We Need You Here

It’s Pride Month and I’ve been thinking a lot about Zac. I’m so proud of how Zac supported the LGBTQ community through his creative expression and advocacy, both personally and professionally. Zac was an advocate for queer content creators, he wrote about LGBTQ perspectives and themes and spoke out loudly against those who viewed the wave of new LGBTQ content as an assault or moral panic. With the SCOTUS rulings this past week, I can hear his voice saying “Yep, this is where it was all heading”. He followed and was regularly attacked by right wing-Christian-facists who created the conditions for the loss of rights we’re experiencing now.

Many of Zac’s close friends and family were aware that he was bisexual. I think it was in the last 5 years or so of his life that he lived the most openly with his identity. I believe living in Los Angeles, the mid-2000s activism and his relationship with Jacob created the conditions where he could live his most authentic self with a sense of safety. I admit I had a lot of work to do to learn about how sexuality and gender are constructs, and as always, I was slower to figure things out than my brother. I’m grateful to Zac for opening my eyes to the BIG, Beautiful world of identity outside rigid cis, hetero-normative constructs that are imposed on everyone in our culture. Zac also taught me the difference between performative ‘‘ally ship’’ and actually showing up for people, speaking out loudly in support of those who are bullied, marginalized, criminalized and killed for their identities.

Zac was bullied and sexually assaulted in high school and it left deep and lasting scars that he struggled with the rest of his life. Our family did not understand and support him the way that we should’ve. Zac was terrified to claim his bisexual identity and live open in his early adulthood, as so many others are. He coped with the pain through alcoholism and other ways. According to the National Institute on Drug Abuse, gay, lesbian, and bisexual adolescents are 90% more likely to use alcohol and drugs than their heterosexual counterparts. Overall, LGBTQ+ folks are 25% more likely to struggle with alcoholism compared to the hetero population.

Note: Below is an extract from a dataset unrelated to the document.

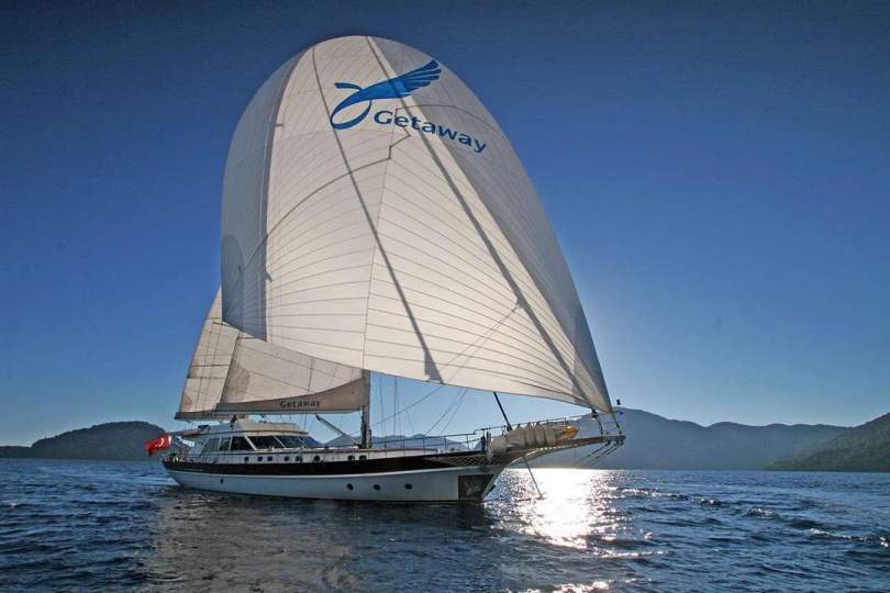 Unsere 31,60 m lange Gulet Getaway wurde 2009 gebaut. Ihre endgültige Form erhielt sie mit der Renovierung und Sanierung, die sie 2016 durchlief. Unser Boot verfügt über 4 Kabinen, 2 Master- und 2 Doppelkabinen, jede stilvoller und komfortabler, mit eigener Dusche, WC und Klimaanlage. 3 Es gibt separate Wohnbereiche, eine voll ausgestattete Küche, Essbereiche im Innen- und Außenbereich sowie Ruhebereiche für die Besatzung.

It’s really a miracle Zac found a way to live a few years with his true identity. I am forever thankful that we had some time to be friends and siblings as our true selves. I would give anything to have a few more of those years. If you read this and struggle with addiction or self hatred, I hope you know that we need you here. You deserve a life full of love and living as your truest self. The world is a disappointing and terrifying mess right now and the best we can do is show up as we are and scream back at the darkness that wants us back in the box it created for us. Fuck that.